You have got to understand that your intuition is wrong. Wrong, wrong, wrong. Balance of forces requires that you learn a new intuition - think of everything being suspended in weightless space by strings or springs pulling in different directions in three dimensions . Wherever the strings equalize... there you are.


Kinja'd!!! CobraJoe > Rusty Vandura - www.tinyurl.com/keepoppo
10/16/2018 at 13:21

Kinja'd!!!0

I’ve been thinking about this and I think I understand it now. In the original image, Little Dude is applying 500N of force to the end of the rope, but doing no work. The wall, remaining stationary, is not exactly applying force , but is resisting Little Dude’s force at what has to be at least equal to what Little Dude is applying.
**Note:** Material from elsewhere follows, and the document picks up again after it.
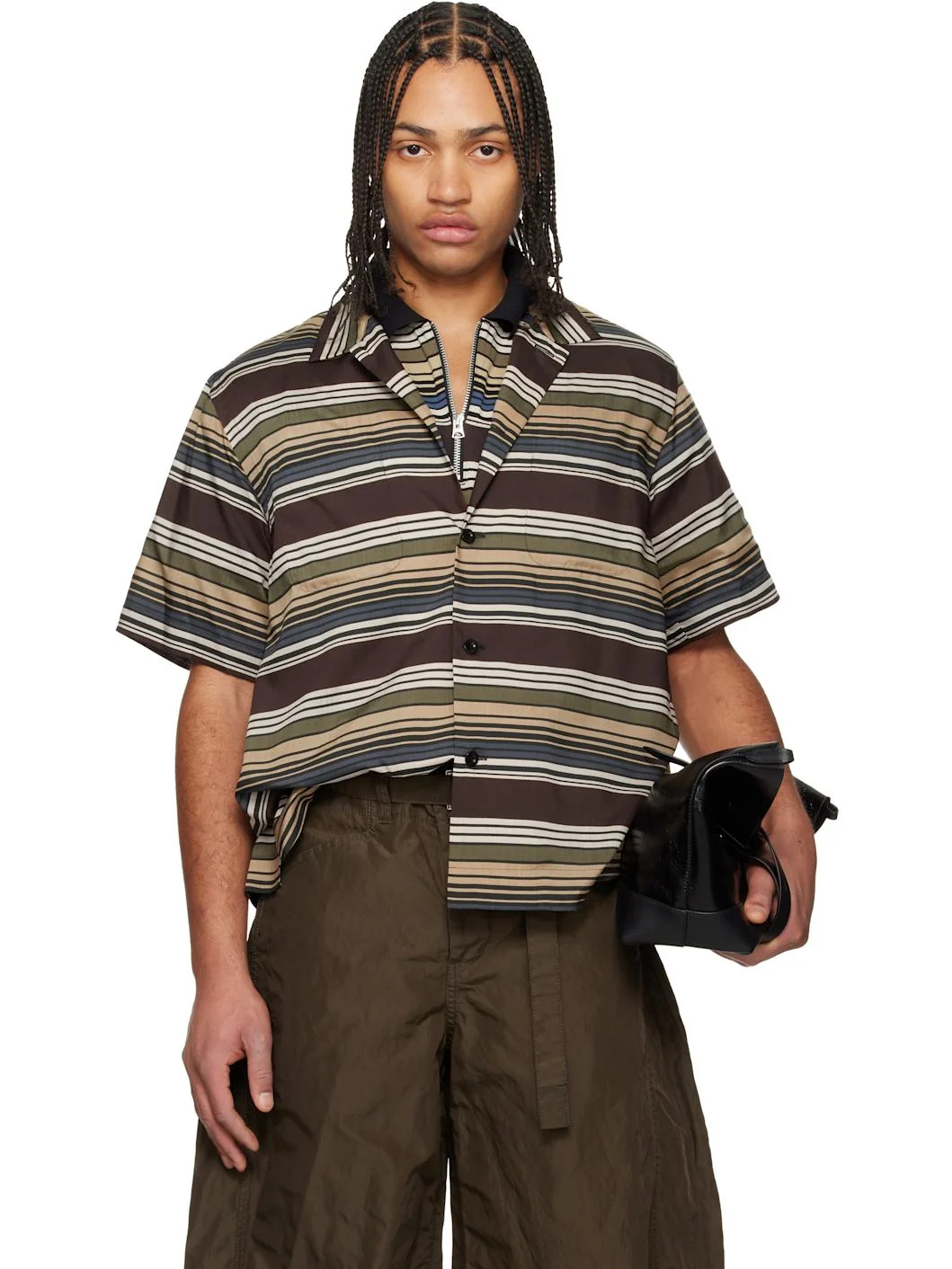 Faille shirt. · Semi-sheer · Stripes throughout · Spread collar · Button closure · Patch pockets at chest · Tennis-tail hem · Logo-engraved hardware Supplier color: Brown/Beige Body: 100% polyester. Trim: 100% cupro. Made in Japan 261445M192006

So one might say that there is 500 N of tension on the rope and the scale is in the middle of the rope measuring that tension.

If it’s easier to think this way about it, the wall is effectively applying force by resisting motion. Just like how the elephant could resist moving by pulling back on the rope.


Kinja'd!!! Rusty Vandura - www.tinyurl.com/keepoppo > MasterMario - Keeper of the V8s
10/16/2018 at 15:59

Kinja'd!!!1

I think I understand the gist of it, but I have trouble with the semantics of that stationary, inert, static wall applying anything. To my thinking, what the wall is doing actively is resisting what Little Dude is applying.

For the sake of my edification, I am returning my thinking to the original drawing(s) and wrapping my head around it. Scratch the pulleys, for now...

My local hardware store went out of business because their massless, unstretchable rope and frictionless pulleys were prohibitively expensive.


Kinja'd!!! Rusty Vandura - www.tinyurl.com/keepoppo > RamblinRover Luxury-Yacht
10/16/2018 at 16:02

Kinja'd!!!0

Lunch is short; I’ll have to read this later. Thank you for the effort.


Kinja'd!!! Rusty Vandura - www.tinyurl.com/keepoppo > CobraJoe
10/16/2018 at 16:05

Kinja'd!!!0

It’s all in the accounting methods. I never took Physics and I think I would enjoy it now. Thanks for all the effort to help me make sense of it.


Kinja'd!!! MasterMario - Keeper of the V8s > Rusty Vandura - www.tinyurl.com/keepoppo
10/16/2018 at 16:33

Kinja'd!!!0

Resistance is force . If you push or pull something (a wall in this case) and it does not move that object is applying the same amount of force onto you to keep you stationary. If the forces do not balance you get motion...so if you pull a rope attached to an object with more force than the obj ect can exert, it will move


Kinja'd!!! CobraJoe > Rusty Vandura - www.tinyurl.com/keepoppo
10/16/2018 at 16:37

Kinja'd!!!1

No problem, I rarely deal with these kind of problems anymore, so it’s fun to flex the mental muscles. 


Kinja'd!!! Rusty Vandura - www.tinyurl.com/keepoppo > MasterMario - Keeper of the V8s
10/16/2018 at 21:48

Kinja'd!!!1

Bah! It’s an accounting trick!

...more force than the object can exert...

Thinking of it in those terms, if Little Dude pulls harder and the wall begins moving, then pulls less hard and the wall moves more slowly or stops, then there was acceleration and deceleration and if he pulled harder at varying degrees of harderness , then there’d be jerk and motion and it’s easier for me to wrap my head around. In this case, everything is static, but set up in such a way as to allow for, and account for, the movement. But I understand how you physicists work: you make everything confusing enough for people of only average intelligence, or even above-average intelligence, then you can keep the rest of us guessing.